The metadata described in the PEP has been designed with the implicit assumption that (1) == (2) == (3) but that is not accurate for many Python packages. In the discussion now it seems clear that the implicit expectation of the PEP was for License-Expression to mean at least (2) if not both (2) and (3) (hence the PEP says that (2) != (3) is out of scope). The way that the metadata field is defined though as implicitly being the “project license” means that maintainers of Python packages are generally going to want it to be (1). Usually that will be the same as (2) but e.g. in pip’s case it isn’t.

For the use case where you want to know the license of all of the contents of the sdist I think that the best thing is to have a metadata field that unambiguously says that that is what it is e.g.:

Sdist-Contents-License-Expression = ...

The metadata is most likely to be recorded accurately if it is clear what it should apply to and if we can avoid conflating it with the “project license” for any cases where that might be different. If we don’t allow these things to be recorded distinctly then there is a risk that projects will simply interpret the field how they want which undermines the “I want to know the license for all sdist contents” use case. If e.g. PyPI, GitHub etc are going to extract the License-Expression field and display it on e.g. the repo landing page then you will see projects recording it as (1) regardless of whether any “specification” says it is supposed to mean (2).

5 Likes

I agree with you and @oscarbenjamin that it would be simpler if this PEP referred to a project’s license(s) rather than a distribution package license(s), for a variety of reasons already outlined.

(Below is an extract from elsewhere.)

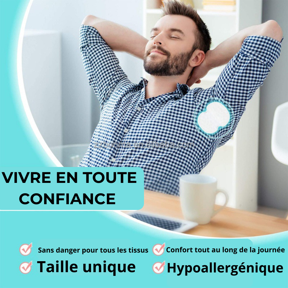 Nos patchs anti-transpiration sont conçus pour s'intégrer totalement à votre quotidien sans que personne ne remarque leur présence.

However, on reviewing, while the PEP mentions both projects and distributions, the language and framing lean heavily toward distributions, e.g., the rejection of handling different licenses between sdists and wheels assumes license metadata applies to the distribution.

If it is decided that PEP 639 core metadata fields should refer to the project and not the package distribution then a significant amount of the language should be updated or it would seemingly contradict much of the rest of the PEP.

As someone with the same use case that @brettcannon described, evaluating a distribution’s license(s), this PEP might easily be read as supporting that use case, unless it’s made very clear up front that it doesn’t. I think a change to mean the project’s license(s) should update both the spec and historical document to avoid confusion.

I’m concerned that clarifying how to record the alternative could require its own PEP, beyond what this PEP can recommend, and making this a hard requirement could block removing this ambiguity.

1 Like

I didn’t want to close the door on someone coming up with something that worked as a simple clarification, but my expectation is that saying the metadata records the project license is something that could be handled as a clarification, but if the desire is to record the distribution file license in the license field, that would be complex enough to need a PEP.

I don’t want this to come across as “do it the way I prefer or I’ll make you write a PEP”, though. I’m trying hard to keep my personal (strong) opinions and my position as potential PEP delegate separate here.

Actually, @brettcannon, as PEP delegate for PEP 639, is this something you would rather make the decision on? I’m happy to do so, but I don’t want to tread on your toes if you feel it’s something you’d prefer to handle.

2 Likes

I think it would be best if I divested myself from the decision as I don’t want my personal use-case to overly influence myself (which I can already tell I will).

2 Likes

No worries. I also have strong opinions on the matter (opposite to yours, unfortunately). I will do my best to not let them influence me, but if someone feels I’m not managing to do so, please say so.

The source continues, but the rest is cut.